The 4.125% notes due 2015 were at 228 bps bid, remaining in from its Treasuries plus 245 bps price, but slightly wider than the 225 bps bid, 220 bps offered level of Wednesday.

The 5% notes due 2019 were at 217 bps bid - better than its 233 bps over Treasuries price, but out from the 216 bps bid, 213 bps offered of the day before.

The 6.125% notes due 2039 were at 232 bps bid, remaining well in from the 250 bps over Treasuries price. The level was unchanged from the previous day.

Toll Brothers bond climbs

A recent split-rated issue of 8.9% bonds due 2017 from Toll Brothers Finance Corp. moved up in the secondary on Thursday, a trader said. They were trading at 99.25 after being at 98.75 Wednesday. They priced at 97.975.

JPMorgan bond tightens

The new 6.3% bond due 2019 from JPMorgan Chase was about 10 bps tighter soon after pricing, a trader said.

It priced at Treasuries plus 350 bps and came in to 340 bps bid, 337 bps offered.

Other outstanding bonds from the company were not seen tighter, the trader said, despite the positive earnings announcement and bond offering.

Financials most traded

Several financial names were among the most popular bonds early Thursday afternoon, a market source said.

A non-FDIC-backed 7.5% bond due 2019 from Goldman Sachs was the most traded.

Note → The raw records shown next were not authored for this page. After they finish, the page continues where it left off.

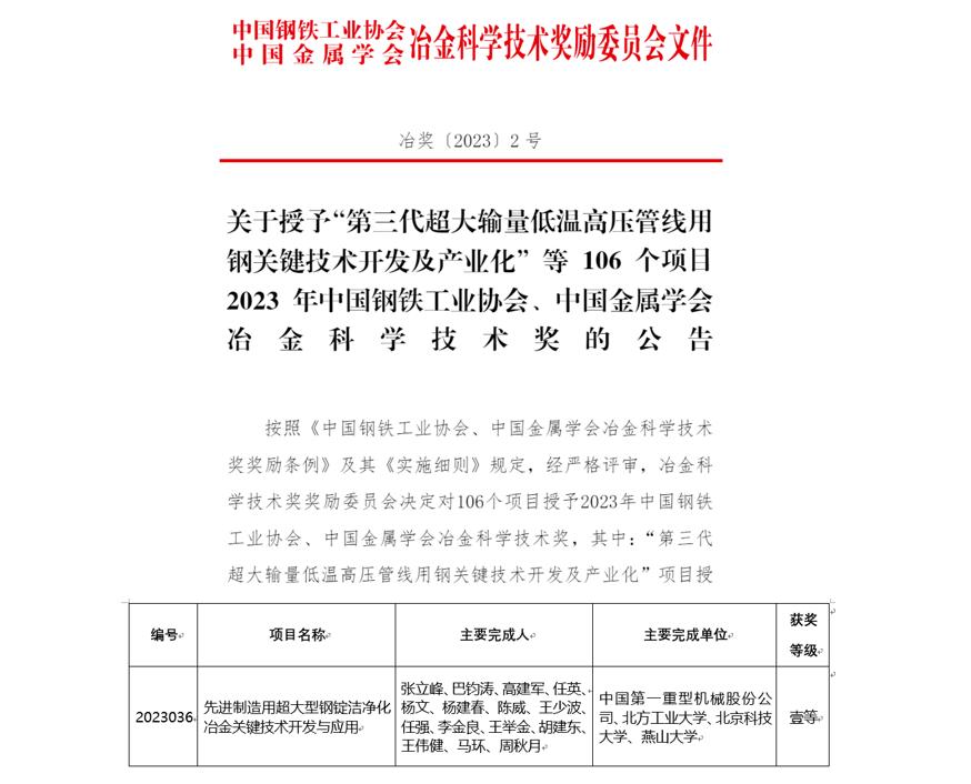 2023年9月15日,冶金科学技术奖奖励委员会决定对106个项目授予“2023年中国钢铁工业协会、中国金属学会冶金科学技术奖”,以张立峰校长为第一完成人,伟德官网为第二完成单位的“先进制造用超大型钢锭洁净化冶金关键技术开发与应用”项目喜获一等奖。
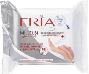 Ma quando l’acqua non c’è, come si fà ? FRIA ci ha pensato, creando per noi FRIA MILLEUSI igienizzanti, ideali per rimuovere GERMI, ODORI, IMPURITA’. 20 salviettine detergenti con antibatterico dalla formulazione dermatologicamente e oftalmologicamente testata presso il Centro di Cosmetologia dell’Università di Ferrara.
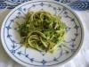 LINGUINE AL PESTO DI ZUCCHINE Per 4 persone: 400 gr. di linguine, 400 gr. di zucchine, 1 cucchiaio di prezzemolo tritato, 20 foglioline di menta, 1/2 spicchio di aglio, 70 gr. di parmigiano grattugiato, 40 gr. di mandorle, sfilettate e tostate, 8 cucchiai di olio extravergine, pepe e sale q.b.
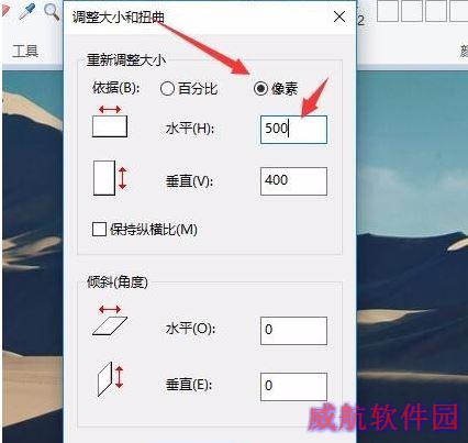 5.在弹出的窗口中点击像素,然后设置图片的大小,繁星软件园这里设置的是500。
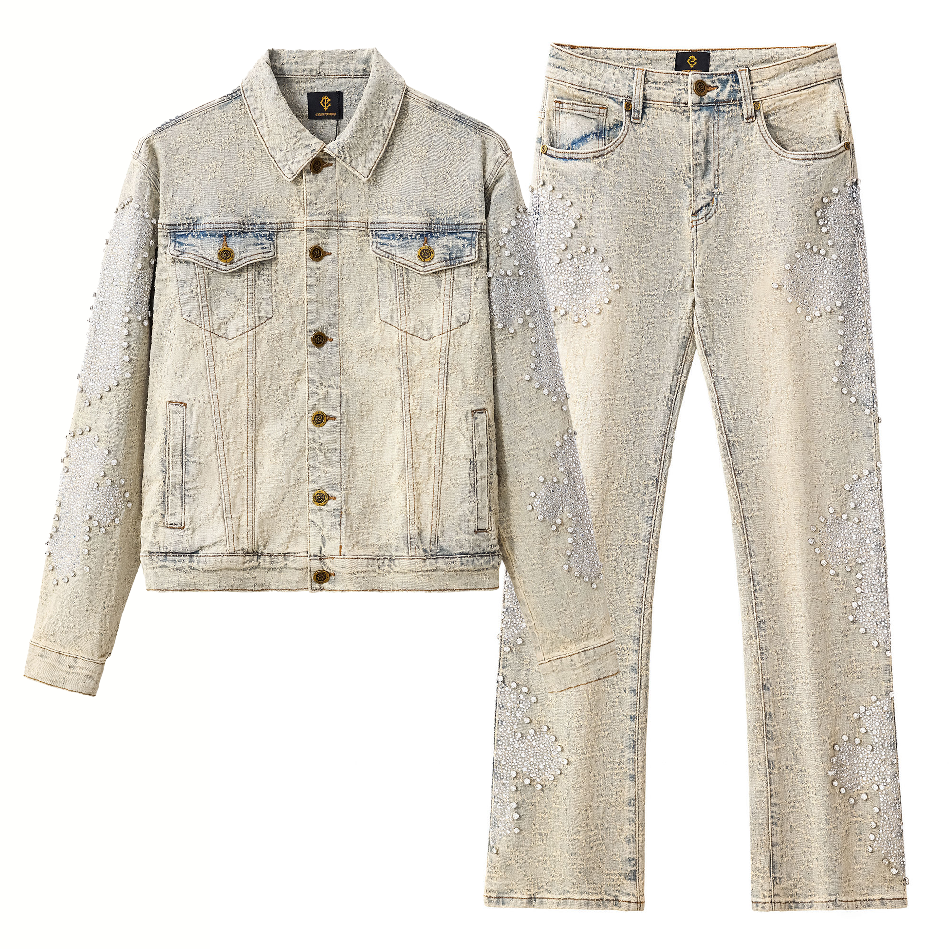 This denim jacket and pant set features coordinated bead detailing and structured tailoring. The jacket includes a dimensional cross motif on the back with embellishments on the sleeves. The pants are designed to match with subtle bead accents and a clean finish. Intended for coordinated wear in styled and street-inspired outfits.
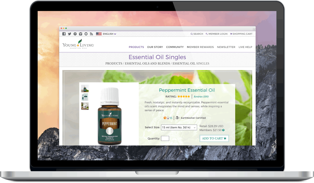 Young Living Essential Oils is a MLM company located in Lehi, Utah, USA. Their website redesign began with product pages that were more SEO friendly and encouraged visitors to purchase product.

It follows on the heels of the JPMorgan issue Thursday, and also of positive earnings announced earlier in the week.

JPMorgan Chase and Bank of America NA also had notes selling at high volume.

Both of these were also older, non-FDIC guaranteed deals. JPMorgan's was a 6% bond due 2018, while Bank of America's 5.65% bank notes due 2018 were popular.

Bank, broker CDS tighten

Bank and broker credit-default swaps were each tighter late Thursday, a trader said.

Bank names were 5 to 30 bps tighter, while brokers were 5 to 15 bps tighter, they said.

DuPont, Hartford top movers

Bonds from Hartford Financial Services Corp. and E.I. DuPont de Nemours & Co. had some of the day's top moving bonds by late Thursday.

It was the second day a bond from Hartford was one of the top bonds tightening. The company announced it was named one of the World's Most Ethical Companies for the second year in a row by the Ethisphere Institute, according to a press release.

DuPont moved the other direction, with its 4.75% note due 2015 widening nearly 25 bps. It was announced the previous day that salaried workers at the company were being asked to take two weeks unpaid leave to cut costs.